Monday, October 21, 2013

009: BOOM!

[GM: This was a very large battle with many smaller interconnected skirmishes taking place at once, and I learned several things while refereeing it, namely that I should avoid ever doing anything like it again.

We had to rerun parts of it three separate times, once because I had messed up on record keeping/unit placement, and twice because, well, we got massacred. Looking back on it, I made a some big mistakes in using the "Active Military/Bluehelmet" template for the railroad police, and I probably shouldn't have given them Kevlar. I may have also been overly-enthusiastic on the number of "surprises" I popped on my players.]

Caleb

Our work started just before midnight, hitching up our wagon and loading it down while Kate and Jimmy rode ahead to scout for unexpected danger or any sign of a setup. No trouble on the road. We were gone an hour later and arrived at the meeting point south of Towne's Hollow at around four o' clock.

Kate
I did what I could in what time I had, setting up three sniper positions on each side of the gorge. Most of them were on the military crest, at 400 to 450 yards away from the rails and blockhouses.

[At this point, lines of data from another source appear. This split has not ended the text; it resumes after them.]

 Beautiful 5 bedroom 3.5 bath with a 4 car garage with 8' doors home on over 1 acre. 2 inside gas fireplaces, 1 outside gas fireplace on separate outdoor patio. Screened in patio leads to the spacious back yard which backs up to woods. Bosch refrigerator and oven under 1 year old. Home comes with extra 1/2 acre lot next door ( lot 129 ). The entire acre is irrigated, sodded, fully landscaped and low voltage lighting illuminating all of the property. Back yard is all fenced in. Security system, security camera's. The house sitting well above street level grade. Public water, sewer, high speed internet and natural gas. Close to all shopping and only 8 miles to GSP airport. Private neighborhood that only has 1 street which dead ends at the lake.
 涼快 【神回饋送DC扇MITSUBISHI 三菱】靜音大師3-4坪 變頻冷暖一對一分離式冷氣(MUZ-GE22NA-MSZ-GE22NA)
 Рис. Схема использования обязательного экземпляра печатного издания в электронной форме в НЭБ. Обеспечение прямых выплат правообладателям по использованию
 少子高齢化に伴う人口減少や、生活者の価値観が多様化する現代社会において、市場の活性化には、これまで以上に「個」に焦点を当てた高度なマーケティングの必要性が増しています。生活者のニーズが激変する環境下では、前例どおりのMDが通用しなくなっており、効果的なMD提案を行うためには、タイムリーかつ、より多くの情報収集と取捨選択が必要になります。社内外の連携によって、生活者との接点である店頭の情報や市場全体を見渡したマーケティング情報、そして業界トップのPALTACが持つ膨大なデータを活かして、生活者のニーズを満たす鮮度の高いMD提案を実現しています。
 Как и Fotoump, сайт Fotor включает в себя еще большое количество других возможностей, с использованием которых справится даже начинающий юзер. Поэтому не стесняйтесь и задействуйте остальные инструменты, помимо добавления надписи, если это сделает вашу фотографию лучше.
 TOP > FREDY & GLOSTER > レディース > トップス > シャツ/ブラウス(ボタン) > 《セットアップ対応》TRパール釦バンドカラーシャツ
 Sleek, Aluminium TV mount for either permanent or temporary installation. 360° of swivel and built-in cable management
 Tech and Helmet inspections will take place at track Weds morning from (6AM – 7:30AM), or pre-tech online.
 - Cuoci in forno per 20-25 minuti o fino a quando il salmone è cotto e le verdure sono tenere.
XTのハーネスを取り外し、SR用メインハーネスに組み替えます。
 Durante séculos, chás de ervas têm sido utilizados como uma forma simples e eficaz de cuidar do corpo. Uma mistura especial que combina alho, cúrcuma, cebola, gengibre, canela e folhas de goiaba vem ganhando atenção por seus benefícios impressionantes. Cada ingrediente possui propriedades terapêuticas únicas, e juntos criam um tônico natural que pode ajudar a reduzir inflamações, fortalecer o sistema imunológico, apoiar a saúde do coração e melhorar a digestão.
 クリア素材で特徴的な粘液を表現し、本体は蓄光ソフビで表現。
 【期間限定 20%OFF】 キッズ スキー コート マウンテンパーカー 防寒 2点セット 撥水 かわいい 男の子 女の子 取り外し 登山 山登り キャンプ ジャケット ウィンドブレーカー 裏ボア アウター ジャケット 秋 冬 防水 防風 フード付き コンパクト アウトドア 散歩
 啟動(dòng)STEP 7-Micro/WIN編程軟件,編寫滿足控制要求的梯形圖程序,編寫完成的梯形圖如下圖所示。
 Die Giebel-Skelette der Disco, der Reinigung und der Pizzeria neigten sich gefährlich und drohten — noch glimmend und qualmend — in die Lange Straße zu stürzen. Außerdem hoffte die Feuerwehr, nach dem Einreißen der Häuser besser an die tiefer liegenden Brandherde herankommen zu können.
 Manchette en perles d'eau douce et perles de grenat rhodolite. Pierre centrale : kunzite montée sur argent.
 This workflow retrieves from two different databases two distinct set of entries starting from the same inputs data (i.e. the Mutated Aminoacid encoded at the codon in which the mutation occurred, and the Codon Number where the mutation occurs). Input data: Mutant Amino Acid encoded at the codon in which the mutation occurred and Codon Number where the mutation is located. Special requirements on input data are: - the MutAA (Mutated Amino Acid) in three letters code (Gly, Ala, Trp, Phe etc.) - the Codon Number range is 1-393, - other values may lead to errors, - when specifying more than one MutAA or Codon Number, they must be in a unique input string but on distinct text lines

We didn't find as much cover as we would have liked. Of course there ain't no such thing as enough cover when one is being shot at, but a foxhole at least would have made me happy. In this rocky terrain we would have needed pickaxes and a few more hours for that, so what we got was less "fox hole" and more "ostrich scrape". We dug as much into the ground as we could and made use of boulders and pebble-filled sandbags for cover. It would stop rifle fire (assuming they could even hit us at this range), but wouldn't help much against explosives or heavy machine guns.

Jimmy

Doug and Henry were at the trailhead with their wagons. Some of their folks were slow to arrive, so while we waited I lead the kids in a few verses of some old Baptist standards: Victory in Jesus and Marching to Zion. The marauders didn't much like it (Presbyterians, I guess), so we started singing Great Judgment Morning instead. They really didn't like that, so not  Presbyterians either.

First surprise of the day: one of Doug's lieutenants was missing… Doug says he fell and broke his leg. They brought four more zombies to make up for it: armed with two cheapie revolvers, a breach-loading shotgun, and a muzzle loading musket. That meant we'd have to rework our order of battle somewhat, but it didn't hamper things too badly.

We thought they'd like our new concoctions, those soup-can grenade launchers. They didn't seem all that impressed; one of my shotgunners told me not to blow up myself, the train or him with my bottle rocket. That hurt my feelings a little, but if I had known why he was so contemptuous of our handiwork I might have walked out of the gorge right then and there.

We were all in position and had planted the charges when the train came through at about nine o'clock. Our second surprise of the morning was a flatbed car loaded down with sandbags and being pushed by the locomotive. Landmine protection. Should have suspected they would have had something like that.

A longer train meant that the charges would be going off just a bit than I would have wanted. A miscalculation on my part (it is surprisingly hard to guess speed and distance for a moving train) meant that they went off even closer still. It was pretty funny watching the lead car turn into a pillar of sand, slag, and splinters. It was disconcerting watching the rear car getting engulfed by the blast and physically lifted off the tracks. We were still wanting to be gentle at this point, knowing good and well that sending the cargo up in flames could have very killed everyone in the gorge.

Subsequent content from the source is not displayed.